Sejak kecil, nama Dieng sudah sering kudengar. Tentang Telaga Warna, tentang kawah yang sering menyemburkan gas beracun, tentang candi-candi yang banyak berdiri di sana, dan kebun-kebun kentang dan pepaya yang tumbuh di lereng-lerengnya. Oleh-oleh berupa keripik jamurnya pun sudah pernah kunikmati. Rupanya pesona Dieng membius banyak wisatawan untuk datang menikmati keindahannya.
Perjalanan dari kota tinggalku menuju Dieng kulalui melalui jalur selatan sekitar jam 4 sore. Kondisi jalan yang berliku-liku tentu saja membuat kepala sedikit pusing dan perut serasa terkocok. Apalagi sempat tersendat di beberapa ruas langganan macet, perjalanan pun menjadi lebih panjang. Alhasil baru sekitar jam 8 pagi, rombongan kami baru tiba di kawasan Dieng.
[caption id="attachment_321770" align="aligncenter" width="553" caption="Pemandangan dari menara pandang Dieng (Dok. Yani)"][/caption]
Memasuki kawasan Dieng, kita akan disuguhi pemandangan cantik pegunungan/gunung yang membentang di daerah Jawa Tengah. Aku tidak tahu persis nama-namanya, tebakanku mungkin Sindoro dan Sumbing yang kutahu memang letaknya di sekitar Dieng. Di menara pandang Dieng, kita akan leluasa memandang ke bawah dari ketinggian 1789 m dpl. Dari situ akan tampak lembah-lembah membentang luas yang puncaknya dipayungi awan. Pantaslah kalau Dieng dijuluki negeri khayangan. Sayangnya di atas bukit-bukitnya sudah tidak lagi ditumbuhi pepohonan tinggi karena sebagian besar sudah banyak diubah menjadi lahan pertanian seperti lahan kentang, kobis, wortel. Tak sedikit pula rumah-rumah yang berdiri di sana. Tentu hal ini memicu longsor di daerah lerengnya jika sedang musim penghujan ataupun gempa.

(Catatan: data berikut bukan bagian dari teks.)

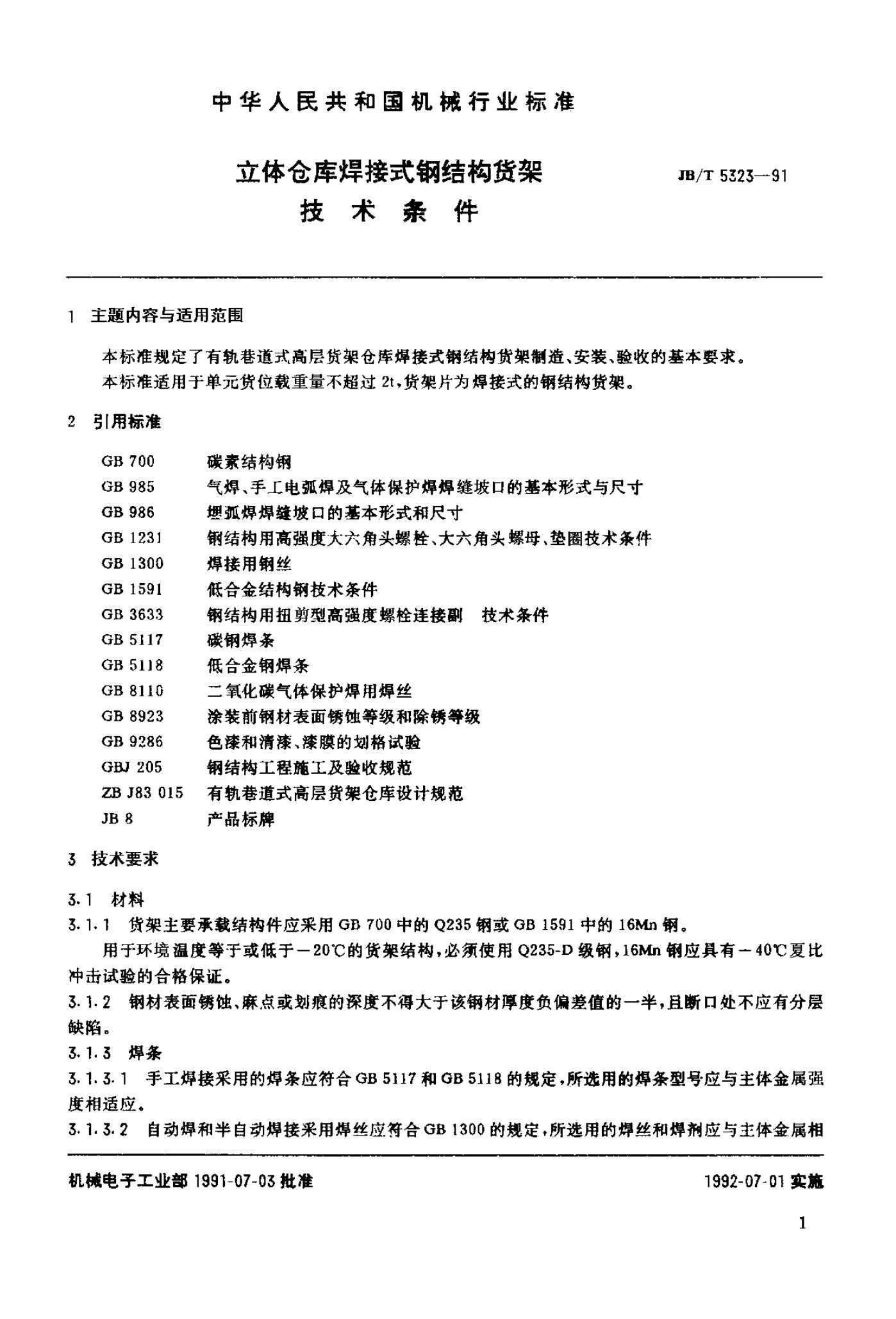 JB/T 5323-1991 主体仓库焊接式钢结构货架技术要求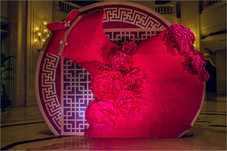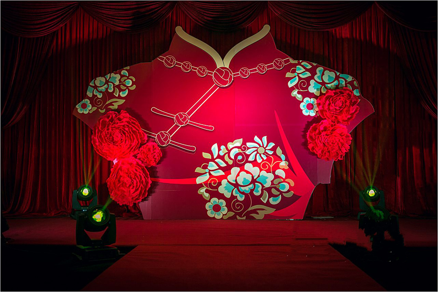 8、1、个性主题kt板舞台背景布置(12个平方以内。龙凤背景一套,对联一副,中国结一对)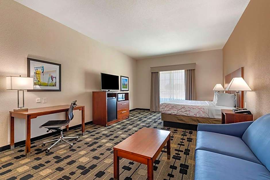 As you step through the doors of the , you’ll be greeted by a cheerful team at the 24-hour front desk, ready to cater to your every need. The hotel boasts a range of fantastic amenities: keep fit in the well-equipped fitness center, relax in your air-conditioned room, or grab a drink at the bar after a day of exploring. Plus, enjoy free Wi-Fi and on-site parking, making it easy to stay connected and drive around the beautiful Texas landscape without a hitch.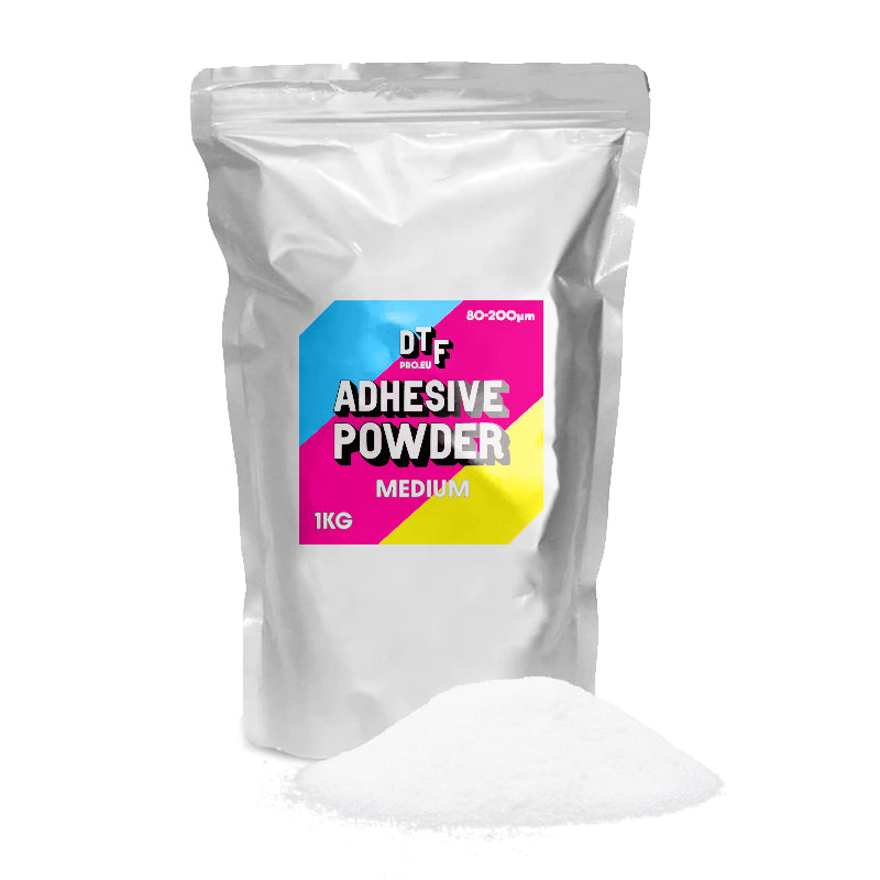 Medium liimajauhe soveltuu monipuolisesti lähes kaikkiin DTF-tulosteisiin.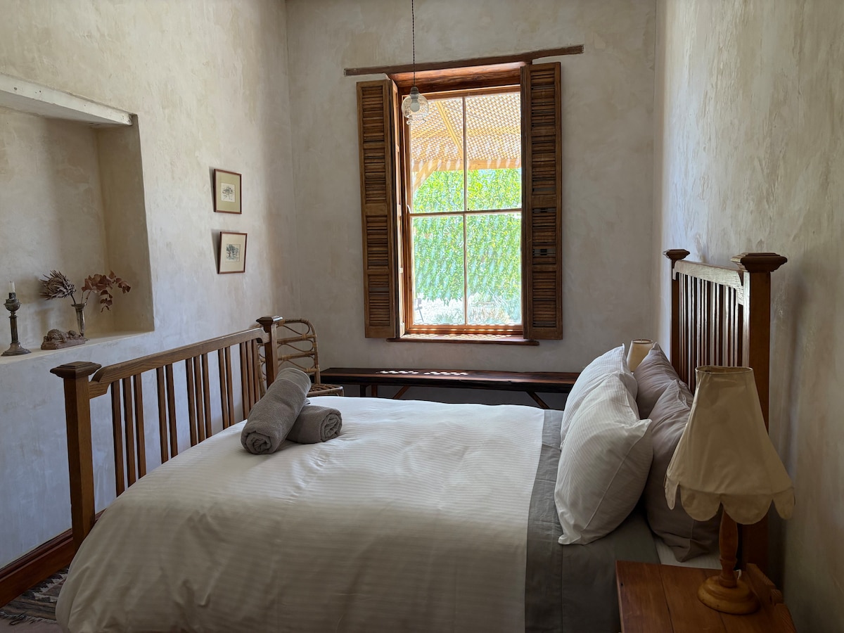 The Karoo-style Cottage Suite sleeps two and is tucked away in the pretty gardens behind the main house at Casa Milorca, which was built in 1860 and is situated in one of Prince Albert's prettiest streets in the historic heart of the town. The cottage has a king-size bed with quality white bed linen, and there is an en suite bathroom with shower, as well as a compact lounge and dining area. The kitchenette area has washing up facilities, a toaster, kettle, microwave and bar fridge, and basic kitchen utensils. There is also a tea and coffee station with home-baked rusks. The Cottage Suite, which has its own private verandah, can also be configured with two single beds instead of a king-size bed. Thanks to air-conditioning the cottage is cool in summer and warm in winter; there is also has a standing fan if that is preferred.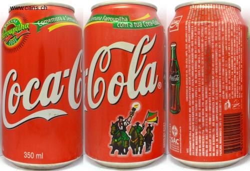 SEA oupitha fomemora a Sem Semana Farroupilha 2001 Com a tua Coca-Gia oke Coc-Cola 350 ml SUAPE, CABO S. CGC IND E COM PAJUÇARA, CIA. DE - BR PEDRINHAS SÃO LUIS/MA - CGC LTDA. -Z. 3. CI. PORTUARIO VIA RAPOSO KM 104 MANAUS TABULEIRO DO LTDA. 03.380.763/0001-01 CIA. DE - DIST. 12 B LTDA. DEP. S/N", KM CGC REFR. LTD AV. 34.590.315/0001-58 www.cocacolabrasil.com.br 1473 IPIRANGA. RIBEIRAO PRETO/SP, CGC 55.960.736/0001-01 • SPAIPAS.A. - IND. BRAS. DE BEBIDAS - ROD. BR-277, KM 81.5. 3524. UBERABA CU 2270. CGC 00.904.448/0001-30 SPAL - IND. BRAS. DE BEBIDAS S.A. - ROD. D.G.P.B. COUTO, SAN, KM 65,5. JAPI, JUNDIAI/SP, CGC 61.186883053-14- PIO JANEIRO REFRESCOS LTDA. - RUA ANDRE ROCHA, 2299, JACAREPAGUA, RIO DE JANEIRO/RJ. CGC 00.074.569/0001-00 CENTRALLI RER.S A. ROD PE DUTRA. KM 197. RUA E, LOTES 07 A 10, DIST. INDUSTRIAL, QUEIMADOS/RA, CGC 01 047.693FO001-30 BRASAL REFR. S.A.., CSG 06. LOTES 1e 2 TAGUATI SA SUL, BRASILIA/DF.CGC 01.612.795/0001-51 VONPAR REFR. S.A., AV.ASSIS BRASI1,SARARDI. PHRTO ALEGRE/RS.CGC 91.235.59/0024-07 RENSA IND. BRAS. DE BEBIDAS LTDA. ROD. MARIO ANDREAZZA, S/N", VARZEA GRANDE/MT, CGC 01.403.613/0001-32 REFR. DO OESTES.A., ROD CAMPO GRANDE PAULO, KM 1, DR. ALBUQUERQUE, CAMPO GRANDE/MS, CGC 03.025.988/0001-31 NORSA REFRIGERANTES LTDA. - ROD, CE-021, KM(6. DIST INDUSTA PAJUÇARA, MARACANAU/CE, CNPJ: 07.196.033/0021-41 CIA. MARANHENSE DE REFRIGERANTES- BR 135, KM 21, DISTRITO INDUSTRIAL PEDNRTUARIO 01,006 8 L RECICLAVEL REG PROD. MINISTERIO DA AGRICULTURA RJ-0515800001-7. BRASILEIRA IND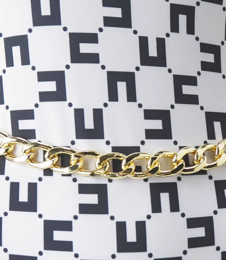 Mot. maudymosi kostiumėlis, vientisas, baltos/ juodos spalvos, be lankelių ir pakietinimų, nugaros kirpimas, be užsegimo, auksinės spalvos metalo papuošimas, atsegamas.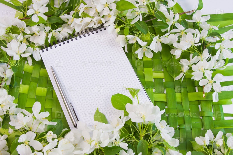 Фон с ветками цветущей яблони, блокнот

Bus melaju pelan melewati jalan berliku perbukitan yang dihiasi kebun-kebun kentang. Tujuan kami kali ini adalah telaga warna Dieng. Tetapi kami tidak langsung berhenti di pintu masuk telaga warna. Ada baiknya kita mengenal seluk-beluk tentang Dieng terlebih dahulu di Dieng Plateau Theater. Di sana kita akan disuguhi film singkat berdurasi sekitar 20 menit yang menceritakan tentang Dieng. Ternyata di daerah Dieng memang banyak terdapat danau vulkanik, salah satunya adalah telaga warna. Selain itu, Dieng yang masuk ke dalam 5 wilayah Kabupaten memang dikelilingi oleh puncak-puncak gunung dengan banyak kawah di sekitarnya
Untuk memandang telaga warna, kita harus trekking sebentar ke atas batu pandang yang letaknya tidak jauh dari Dieng Plateau Theater. Sesampainya di atas, pemandangan lepas Telaga Warna dan Telaga Pengilon dapat kita saksikan. Kedua telaga ini hanya dibatasi oleh tanah sempit yang ditumbuhi rerumputan. Kalau cuaca cerah, mungkin telaga warna akan terlihat warna-warni hijau, biru, ungu. Sedangkan Telaga Pengilon di sampingnya tidak berwarna. Aku jadi teringat foto Danau Kelimutu. Ya mungkin miniaturnya ya hehe, tapi sayangnya telaga yang satunya keruh. Di atas batu pandang, sama sekali tidak kelihatan adanya pengunjung di sekitar telaga.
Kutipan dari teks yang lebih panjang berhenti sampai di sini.